On “lobbyconning”
by Eric Norlin on Oct.15, 2007, under general
There’s an interesting piece in the San Francisco Chronicle today about “lobbyconning” — or the practice of hanging out in the lobby at tech conferences, working the biz dev angle (as opposed to paying to attend the conference).
I was especially delighted to see Ben Metcalfe quoted in the article:
“The sessions at technology conferences are often like plots in porn films,” said Ben Metcalfe, a technology consultant from San Francisco who said he lobbycons about four conferences annually. “It’s required for the context, but it’s not really what you paid for.”
You may remember Ben - he was one of our iMac (actually, he chose the MacBook option) winners.
It pleases me to think that Ben sees the value in actually *attending* Defrag, versus simply just lobbyconning. Thanks Ben!
[Postscript: We've got so much networking going on *inside* of Defrag, that you'll surely see the value too.]
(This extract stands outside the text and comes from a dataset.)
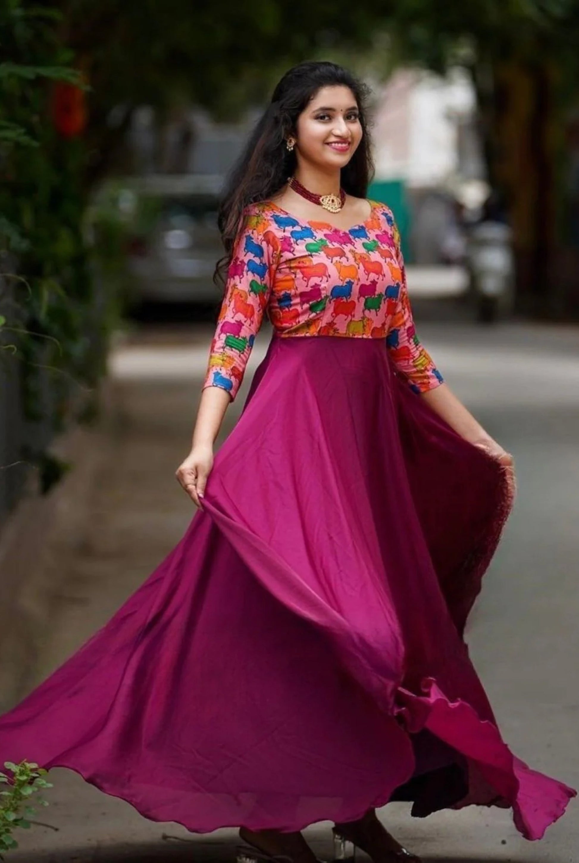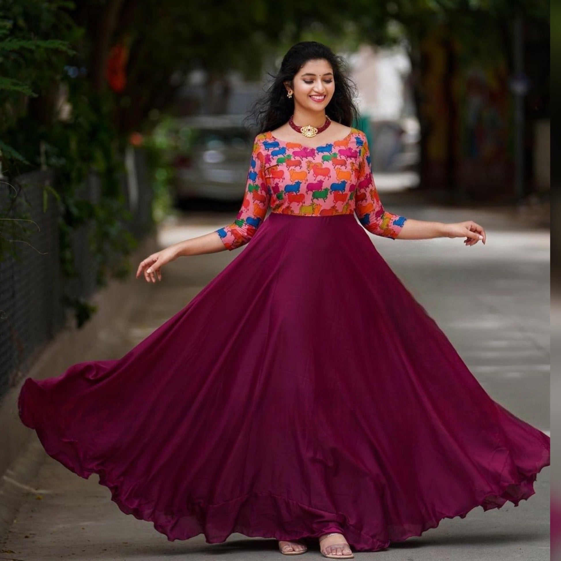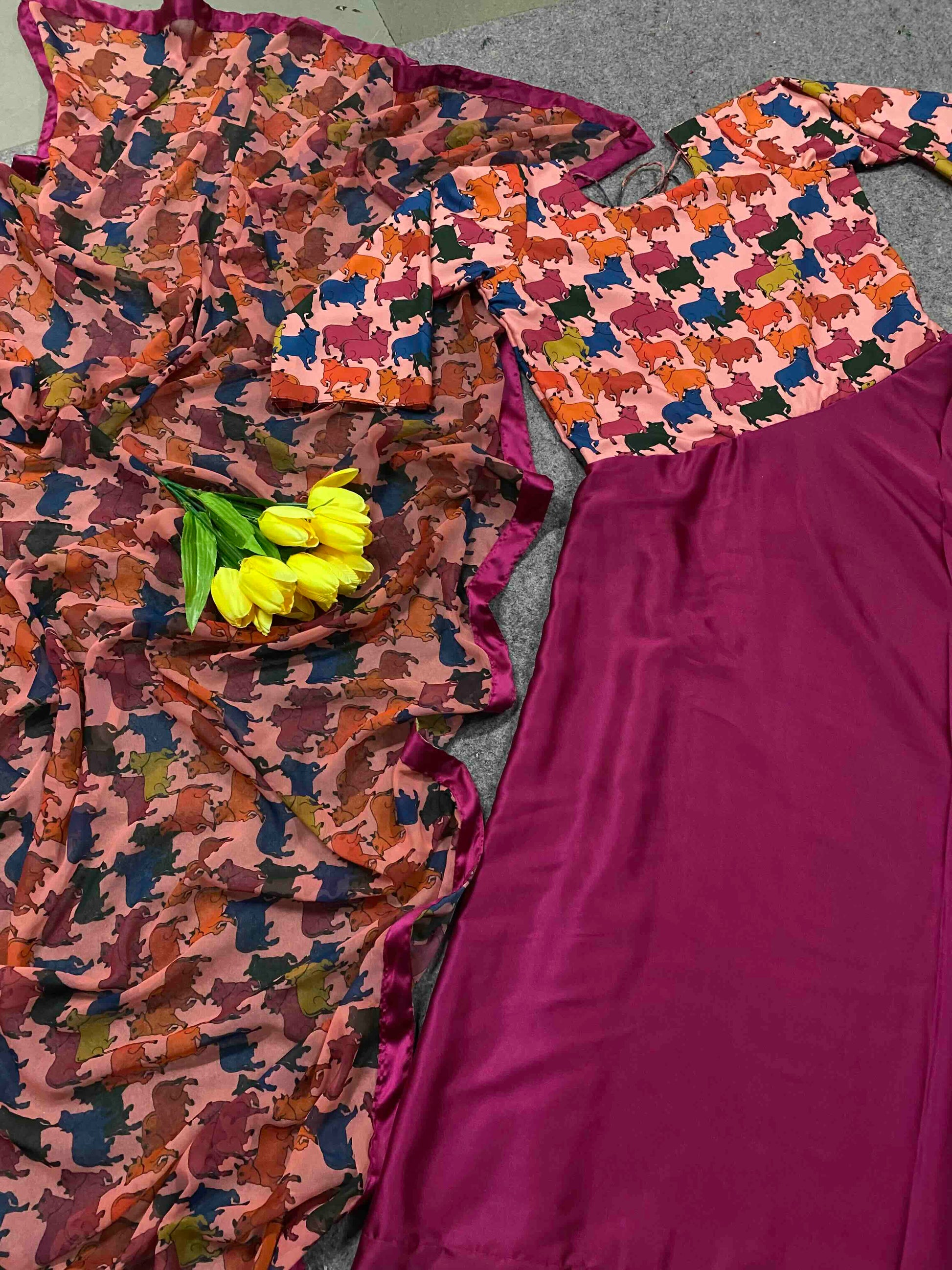 - Gown Fabric :- Japan Satin With Digital Print Sleeves
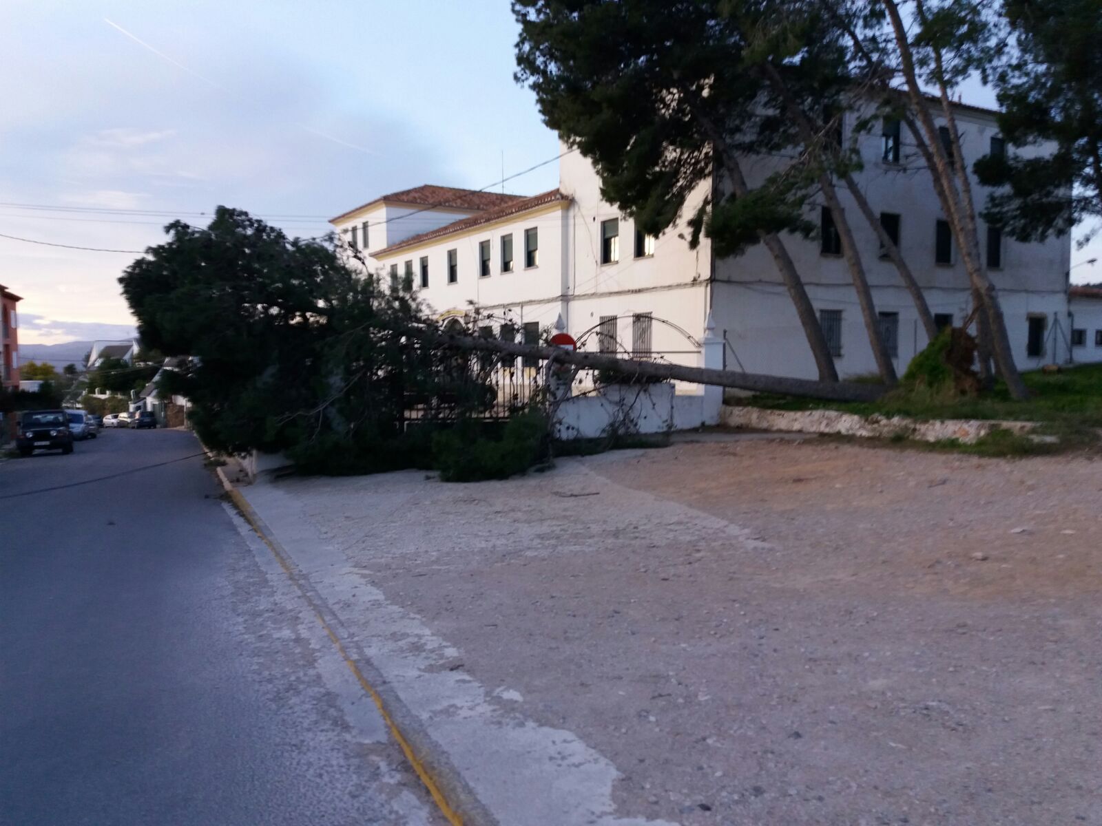 No obstante, antes a las 6:45h, la Calle Ruiz Pons ha tenido que ser cortada por la caída de un pino, que además ha afectado a un vehículo que iba circulando, aunque afortunadamente solo se han registrado daños materiales. Según el Inspector Jefe de la Policía Local, Antonio Zanón, «la vía ha sido cortada durante media hora mientras los Bomberos procedían a la retirada del árbol de la calzada«.

October 23rd, 2007 on 5:08 am
It is so refreshing to see conferences like Defrag coming on to the scene. Creativity needs a place to be born, breath and grow. Web 2.0 et al seem to think creativity is like mushrooms, you turn out the lights, chuck shit at the audience. It is no wonder that the fun stuff happenings in the corridors. I live in Europe and this year’s defrag falls at a busy time for me. But I hope to come to the next one.